Task requirements: Write out every line exactly, from the start of the records below to the line with "While the highest", and stop there. Don't write out the pictures.

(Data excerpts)
>>>
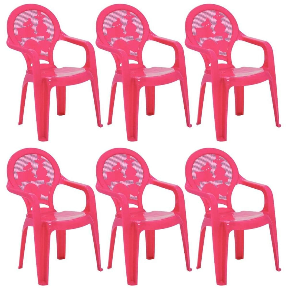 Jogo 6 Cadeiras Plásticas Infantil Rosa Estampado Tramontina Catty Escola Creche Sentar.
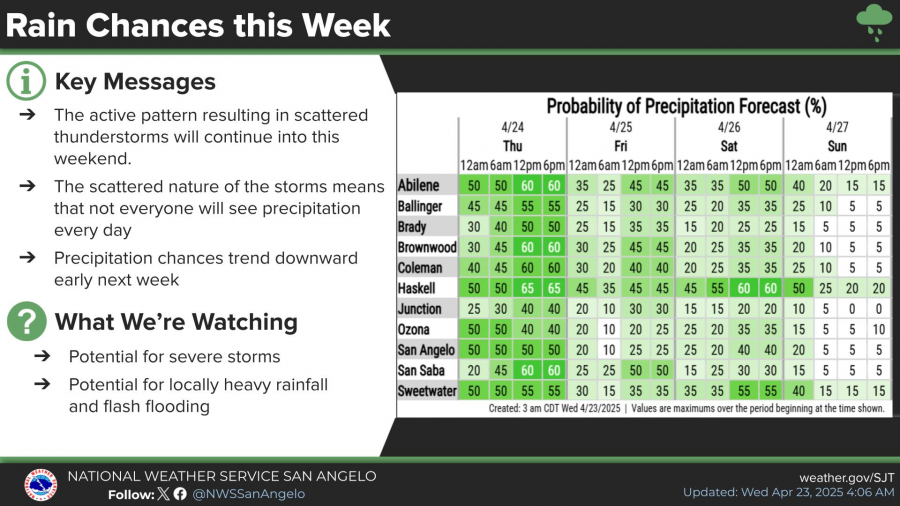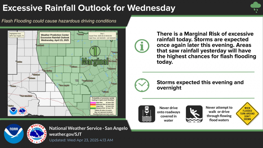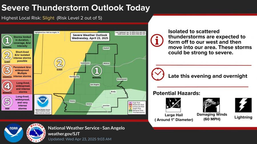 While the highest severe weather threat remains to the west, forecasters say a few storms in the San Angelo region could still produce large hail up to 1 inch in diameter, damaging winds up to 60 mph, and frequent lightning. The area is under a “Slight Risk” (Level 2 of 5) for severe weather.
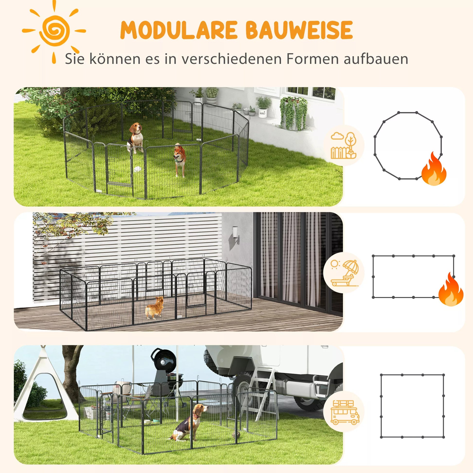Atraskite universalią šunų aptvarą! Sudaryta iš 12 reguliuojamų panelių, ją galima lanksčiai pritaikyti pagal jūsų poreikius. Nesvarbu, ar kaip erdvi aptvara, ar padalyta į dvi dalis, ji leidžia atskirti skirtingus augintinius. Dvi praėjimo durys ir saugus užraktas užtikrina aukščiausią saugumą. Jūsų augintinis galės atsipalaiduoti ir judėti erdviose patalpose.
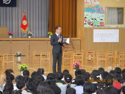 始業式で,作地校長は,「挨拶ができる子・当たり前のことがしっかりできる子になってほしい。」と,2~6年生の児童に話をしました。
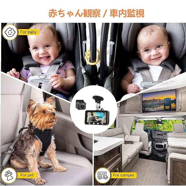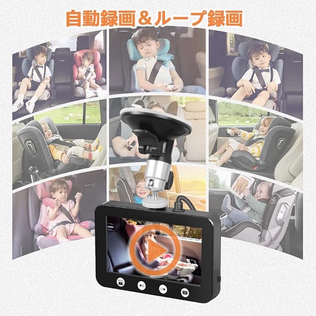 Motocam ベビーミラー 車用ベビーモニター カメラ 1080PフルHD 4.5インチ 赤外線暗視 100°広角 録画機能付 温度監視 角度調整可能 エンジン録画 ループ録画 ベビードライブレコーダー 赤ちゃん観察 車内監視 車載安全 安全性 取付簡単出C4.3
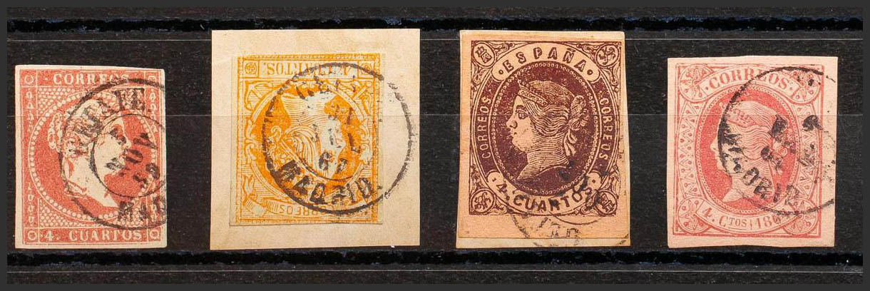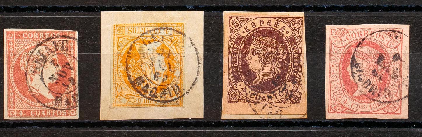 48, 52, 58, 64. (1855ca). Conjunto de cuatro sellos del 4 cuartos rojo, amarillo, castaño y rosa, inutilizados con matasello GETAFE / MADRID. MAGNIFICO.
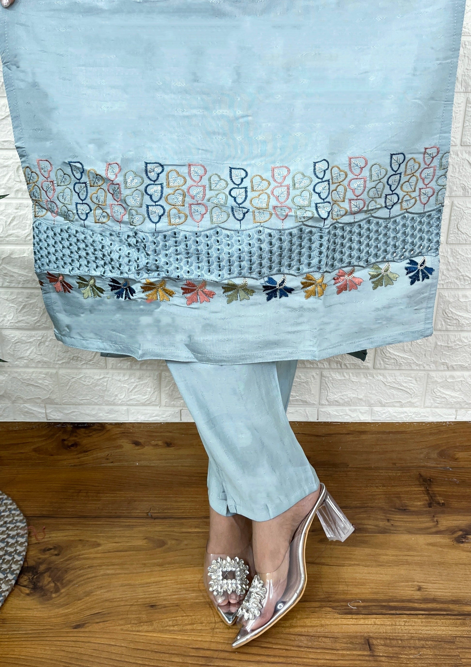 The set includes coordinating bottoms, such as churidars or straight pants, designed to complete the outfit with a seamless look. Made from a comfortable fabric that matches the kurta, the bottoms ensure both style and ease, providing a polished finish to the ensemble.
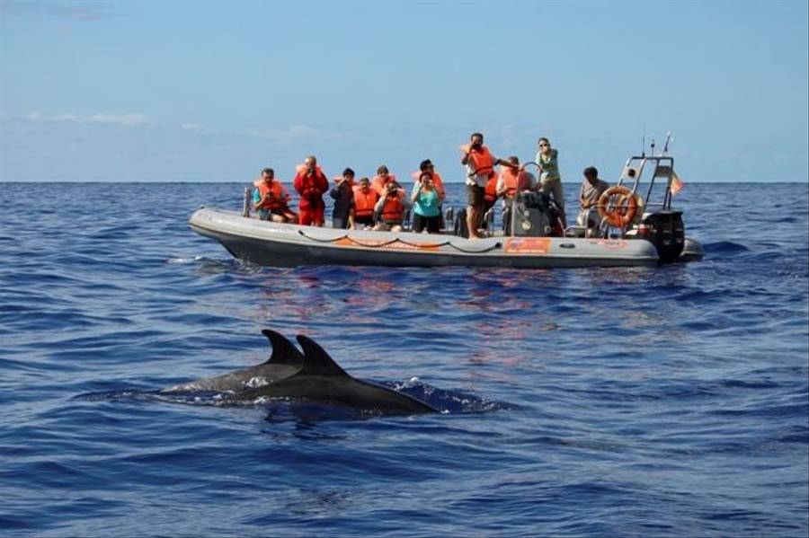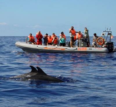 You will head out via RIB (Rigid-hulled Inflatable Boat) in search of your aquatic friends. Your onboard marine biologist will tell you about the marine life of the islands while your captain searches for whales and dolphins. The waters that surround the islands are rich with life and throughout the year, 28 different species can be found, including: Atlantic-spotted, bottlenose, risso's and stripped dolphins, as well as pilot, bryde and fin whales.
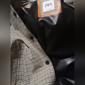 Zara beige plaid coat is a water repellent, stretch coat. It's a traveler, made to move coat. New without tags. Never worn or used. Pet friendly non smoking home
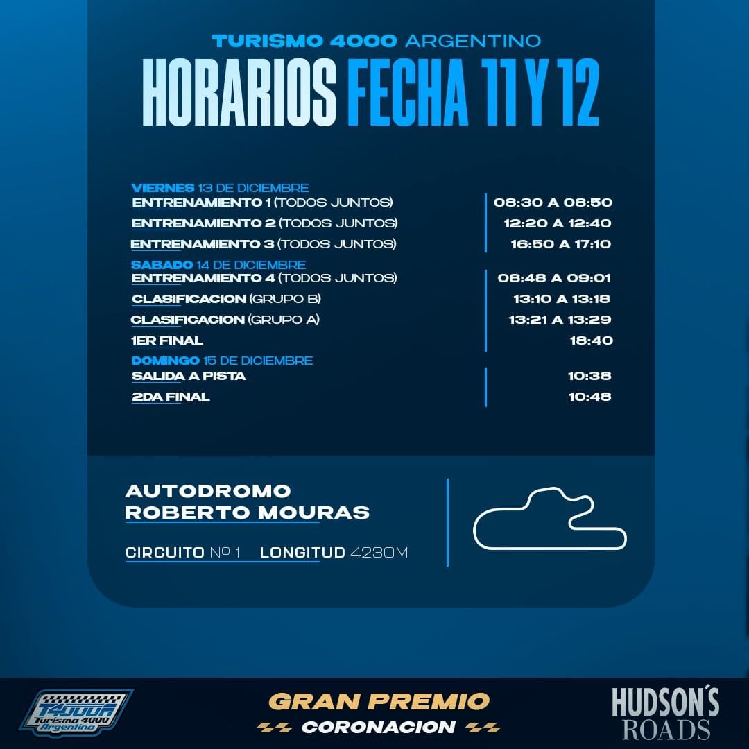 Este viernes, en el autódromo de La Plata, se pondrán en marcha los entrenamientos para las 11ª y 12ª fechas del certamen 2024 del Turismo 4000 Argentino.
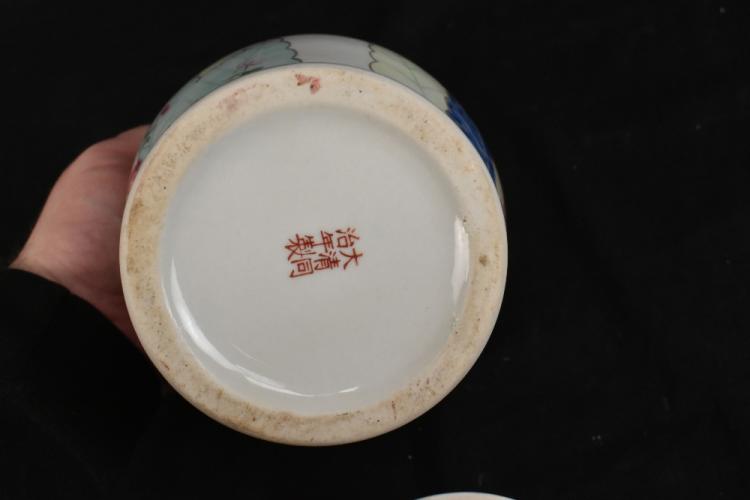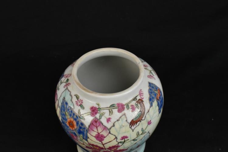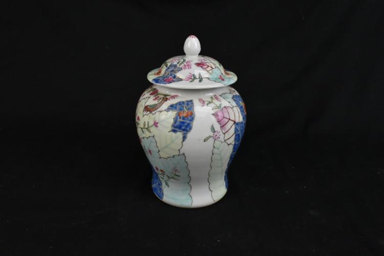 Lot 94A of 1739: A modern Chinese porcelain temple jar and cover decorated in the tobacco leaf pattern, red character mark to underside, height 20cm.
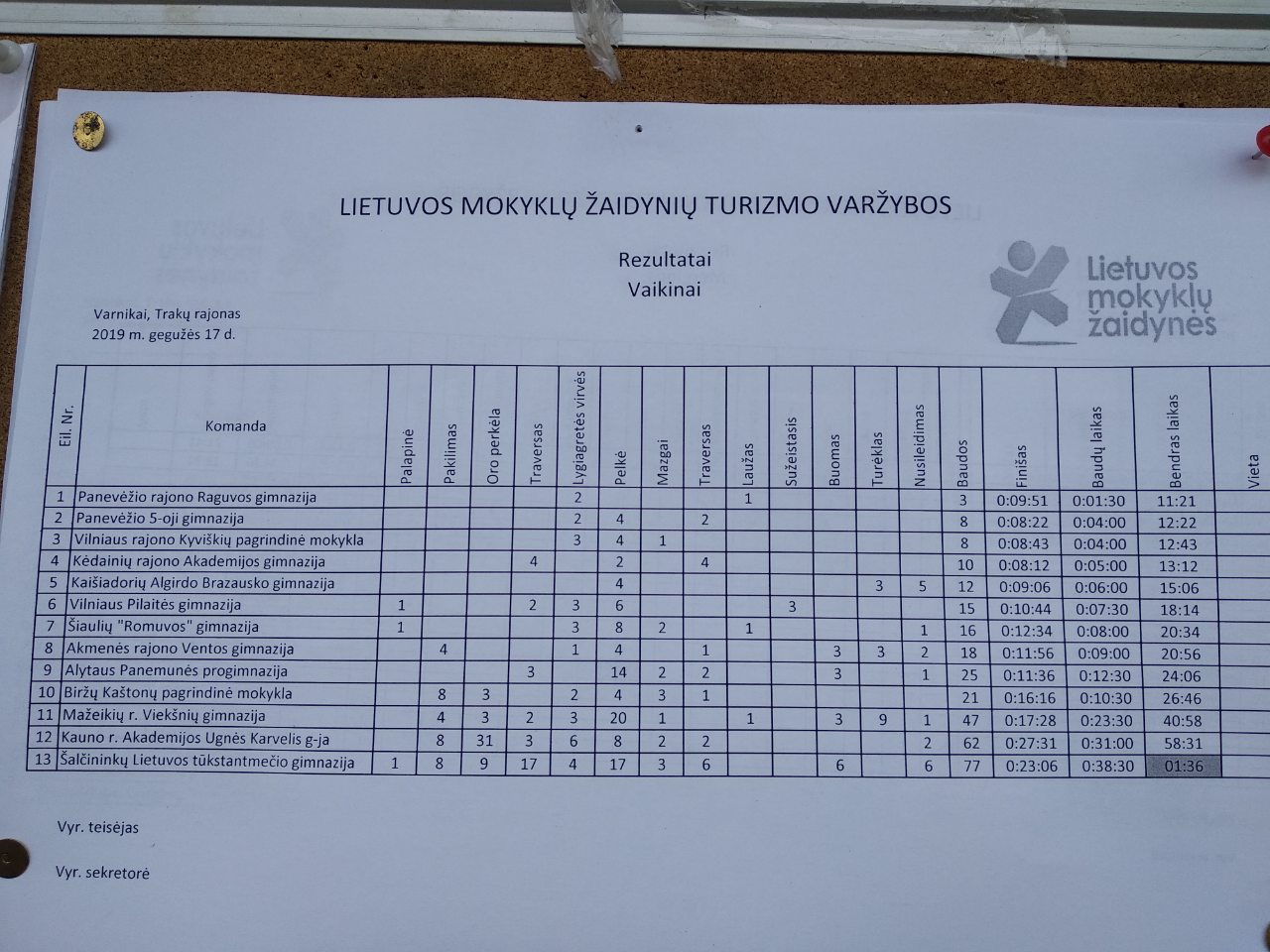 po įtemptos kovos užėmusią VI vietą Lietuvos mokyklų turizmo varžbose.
<<<
Solution to this exercise:
 Jogo 6 Cadeiras Plásticas Infantil Rosa Estampado Tramontina Catty Escola Creche Sentar.
 While the highest severe weather threat remains to the west, forecasters say a few storms in the San Angelo region could still produce large hail up to 1 inch in diameter, damaging winds up to 60 mph, and frequent lightning. The area is under a “Slight Risk” (Level 2 of 5) for severe weather.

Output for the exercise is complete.